*TASK DETAILS:* Only the lines from the one containing "Permanentny marker z" through the final line below belong in the output, copied exactly and without pictures.

*INFORMATION:*
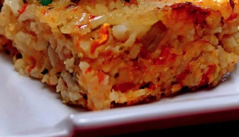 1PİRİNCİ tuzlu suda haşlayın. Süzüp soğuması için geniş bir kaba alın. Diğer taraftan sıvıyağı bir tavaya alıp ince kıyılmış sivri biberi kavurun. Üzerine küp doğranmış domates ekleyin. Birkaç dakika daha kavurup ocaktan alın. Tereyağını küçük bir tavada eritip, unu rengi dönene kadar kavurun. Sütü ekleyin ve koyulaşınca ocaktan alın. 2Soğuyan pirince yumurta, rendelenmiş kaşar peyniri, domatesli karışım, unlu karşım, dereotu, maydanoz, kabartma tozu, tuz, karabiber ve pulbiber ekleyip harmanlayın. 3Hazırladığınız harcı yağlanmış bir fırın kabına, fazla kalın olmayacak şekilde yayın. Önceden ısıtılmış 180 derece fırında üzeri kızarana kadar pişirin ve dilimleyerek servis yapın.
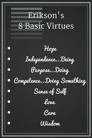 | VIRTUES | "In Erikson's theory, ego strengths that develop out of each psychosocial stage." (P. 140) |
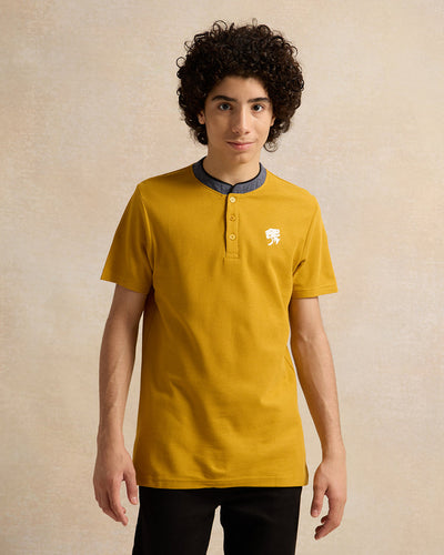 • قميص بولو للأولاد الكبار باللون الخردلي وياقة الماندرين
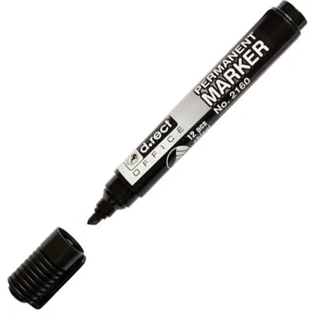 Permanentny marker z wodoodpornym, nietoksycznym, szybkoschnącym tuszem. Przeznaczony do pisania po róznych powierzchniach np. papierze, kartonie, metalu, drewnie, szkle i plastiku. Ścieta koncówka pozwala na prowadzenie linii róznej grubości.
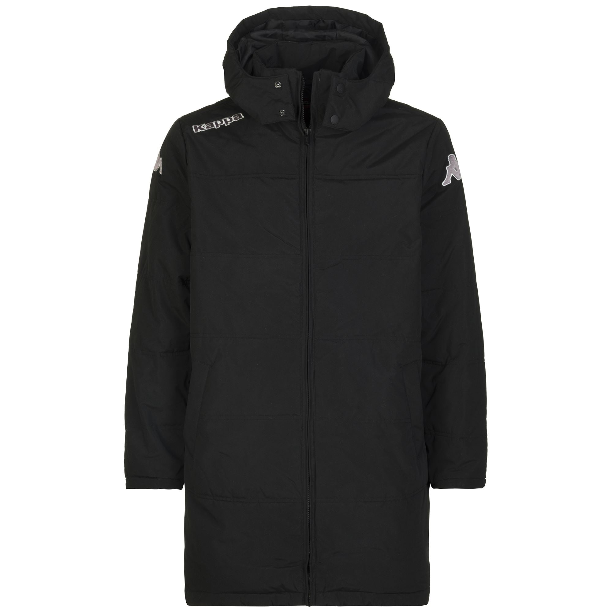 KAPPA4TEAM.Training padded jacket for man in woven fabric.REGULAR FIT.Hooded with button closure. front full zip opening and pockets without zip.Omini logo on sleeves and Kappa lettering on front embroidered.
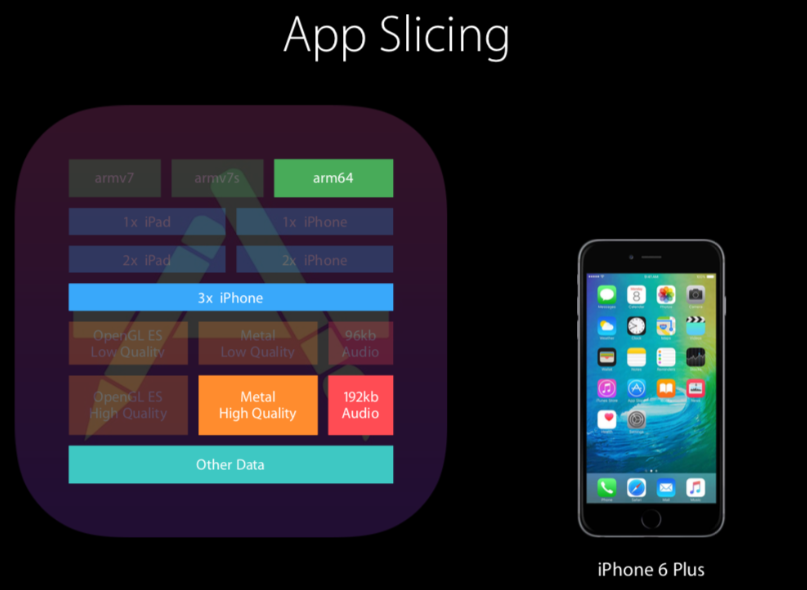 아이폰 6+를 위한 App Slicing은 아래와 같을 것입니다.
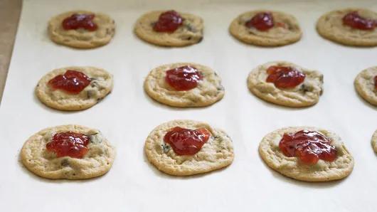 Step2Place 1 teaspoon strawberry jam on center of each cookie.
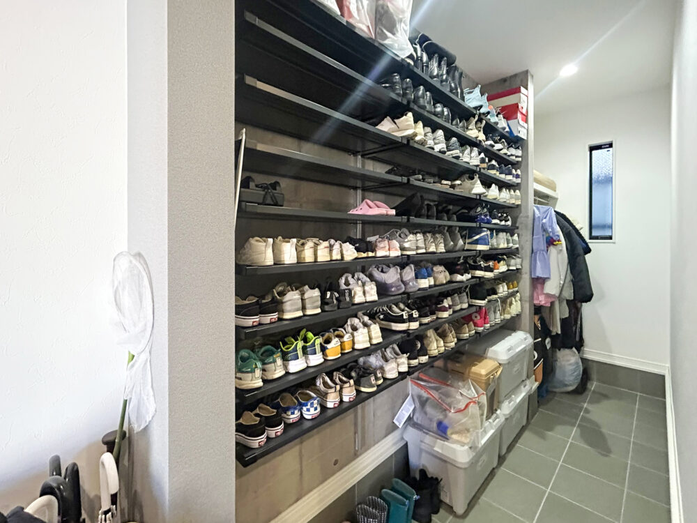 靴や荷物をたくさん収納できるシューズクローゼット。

*RESPONSE TO THE EXERCISE:*
 Permanentny marker z wodoodpornym, nietoksycznym, szybkoschnącym tuszem. Przeznaczony do pisania po róznych powierzchniach np. papierze, kartonie, metalu, drewnie, szkle i plastiku. Ścieta koncówka pozwala na prowadzenie linii róznej grubości.
 KAPPA4TEAM.Training padded jacket for man in woven fabric.REGULAR FIT.Hooded with button closure. front full zip opening and pockets without zip.Omini logo on sleeves and Kappa lettering on front embroidered.
 아이폰 6+를 위한 App Slicing은 아래와 같을 것입니다.
 Step2Place 1 teaspoon strawberry jam on center of each cookie.
 靴や荷物をたくさん収納できるシューズクローゼット。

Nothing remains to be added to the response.